Pékin renâcle à certifier l'ATR afin de faire pression sur la Commission européenne pour qu'elle certifie ses propres avions, a-t-il expliqué.

ATR, qui construit des avions de 50 à 90 places, a déjà signé deux lettres d'intention en Chine, l'une avec un investisseur purement privé, l'autre avec un tandem constitué d'un groupe de transport et la municipalité d'une grande ville du pays, se positionnant dans un marché encore assez fermé.

"En l'espace de six mois, nous avons replanté le drapeau ATR dans les trois plus gros marchés aéronautiques au monde aujourd'hui, où nous étions absents : l'Inde, la Chine et les Etats-Unis", s'est félicité Christian Scherer, qui a pris les rênes du groupe en novembre 2016.

IndiGo, la première compagnie indienne, a ainsi commandé en mai 50 ATR 72-600 pour plus de 1,3 milliard de dollars (1,1 milliard d'euros) aux prix catalogue.

Aux Etats-Unis, ATR compte sur l'arrivée en fin de vie de vieux turbopropulseurs du suédois Saab et du brésilien Embraer, sur la réouverture de lignes régionales exploitées par des jets plus gourmands en carburant, ainsi que sur l'essor du fret aérien intérieur.

ATR, qui totalise environ un millier d'avions en exploitation dans le monde, cherche désormais à soutenir le marché de l'occasion pour attirer des financements pour des achats d'avions neufs, a précisé Christian Scherer.

Il a dit vouloir rompre avec une pratique passée consistant à trop vendre d'ATR à des sociétés de leasing qui peinent ensuite à les écouler, entraînant une forte accumulation des stocks d'avions et, par ricochet, une baisse des prix des avions neufs faute de demande suffisante.

"Il appartient à l'avionneur intelligent de favoriser la liquidité des produits", a expliqué Christian Scherer, disant avoir créé un service de soutien commercial et financier aux loueurs pour les aider à revendre leurs avions d'occasion et maintenir ainsi la valeur résiduelle des avions neufs d'ATR.

BULLE SPÉCULATIVE

Le patron d'ATR a dit ainsi mener des actions commerciales combinées avec deux ou trois grands loueurs, comme la compagnie régionale Silver Airways, qui va réceptionner 20 ATR 42 financés par Nordic Aviation Capital (NAC), pour ses vols vers la Floride et les Bahamas.

"Il y a eu une légère bulle spéculative sur les avions loués, ce qui fait qu'à un moment on ambitionnait un peu plus que 80" avions produits par an, a estimé Christian Scherer, faisant référence au rythme annuel de croisière fixé à plus de 100 livraisons par ses prédécesseurs.
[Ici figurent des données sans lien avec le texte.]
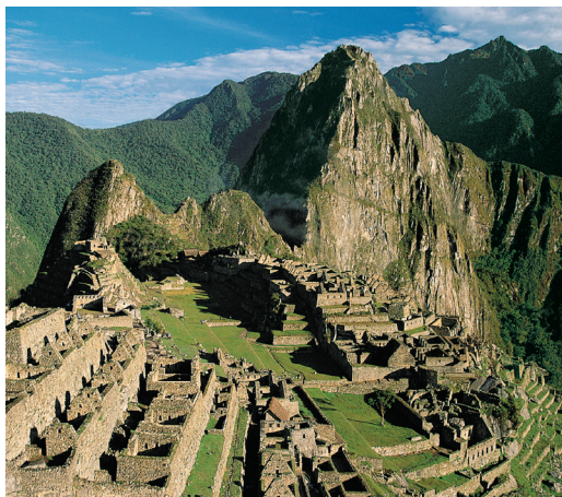
We explore the ruins at Machu Picchu on Days 5 & 6.

Day 15: Quito/Depart for U.S. This morning we visit Quito’s Botanical Gardens, featuring an orchidarium with more than 1,200 species of orchids; and

"Notre ambition est une stabilisation (...) indépendamment du dollar et du pétrole", a-t-il ajouté, abandonnant aussi l'argument passé selon lequel ATR ne devait son salut qu'au prix élevé du baril pour ramener les acheteurs vers les turbopropulseurs, moins gourmands en carburant que les jets.

Dans le même esprit, Christian Scherer s'est refusé à continuer à se focaliser sur un objectif de ventes ambitieux, se disant satisfait du retour du "book-to-bill" (ratio commandes/ventes) au-dessus de 1.

Issu d'Airbus, il s'est montré beaucoup moins catégorique sur la nécessité d'un tout nouvel ATR à plus de 90 places, disant qu'il ne s'agit qu'une option parmi les trois à l'étude, les deux autres étant une version remotorisée de l'ATR 72, qui assure 90% des livraisons du groupe, et le choix d'une "technologie de rupture".

Ce qui paraît certain en revanche, c'est que le lancement d'un nouveau programme nécessiterait de sortir ATR du "carcan" de sa structure juridique actuelle pour la transformer en société anonyme", suivant ainsi la logique suivie par Tom Enders à la tête d'Airbus.

Christian Scherer a dit étudier "les tenants et les aboutissants d'une transformation d'ATR" avec l'accord des actionnaires et principaux fournisseurs d'ATR, Airbus et Leonardo.

Le patron de la fédération italienne des industries de la défense avait dit à Reuters en juin que l'italien ne comptait pas réduire sa participation dans le missilier européen MBDA, dont il est actionnaire aux côtés d'Airbus et du britannique BAE Systems.

Leonardo s'était par le passé montré intéressé par une montée au capital d'ATR, tandis qu'on a prêté à Airbus un intérêt pour la participation de l'italien dans MBDA.